Snake rack for sale including tubs, heats mats and stat.

Carries 12 rubs

£200 ono need them gone ASAP

Also a 2ft viv £40

many thanks


----------



## funky1 (Jun 18, 2008)

Do a lot better in the equipment classifieds, and with pics mate


----------



## Craggles (Mar 12, 2009)

pics can be sent asap just cant upload photo


----------



## Craggles (Mar 12, 2009)

rack still available. bargain here. pics can be sent on request


----------



## Meko (Apr 29, 2007)

funky1 said:


> Do a lot better in the equipment classifieds, and with pics mate



and the size of the RUB's.


----------



## Craggles (Mar 12, 2009)

rubs are 32 litre. have sold 1 rack and the lad over the moon. its such a bargain this. comes with rubs, heat mats, stat and waterdishes and large hides


----------



## burnseyenknight (Oct 6, 2011)

well worth the money.everything you need for 200 bargain. cant belive this hasent gone yet.really well made.


----------



## Craggles (Mar 12, 2009)

burnseyenknight said:


> well worth the money.everything you need for 200 bargain. cant belive this hasent gone yet.really well made.


cheers mate

i still cant believe its still here lol


----------



## Craggles (Mar 12, 2009)

rack still here had lots of interest but nothing concreate. will listen to offers and could deliver


----------



## dapper (Aug 14, 2011)

You are too far from me otherwise I would be interested.


----------



## Craggles (Mar 12, 2009)

dapper said:


> You are too far from me otherwise I would be interested.

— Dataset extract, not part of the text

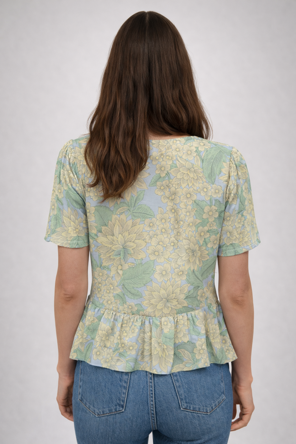 Fresh, feminine, and effortlessly chic, this Rich & Royal floral top is designed to bring softness and style to everyday dressing. Featuring a delicate floral print in calming pastel tones, it offers a flattering silhouette with subtle gathers at the shoulders and a gently flared peplum hem.

yeah just a bit too far lol

cheers though mate


----------



## Craggles (Mar 12, 2009)

rack still here and a bargain offers welcome


----------



## Craggles (Mar 12, 2009)

rack still for sale make me an offer


----------



## dapper (Aug 14, 2011)

Could the rack be couriered? If so do you know the cost of delivery? 

As there are no pictures, I take it that its a home made one?

regards

Dave


----------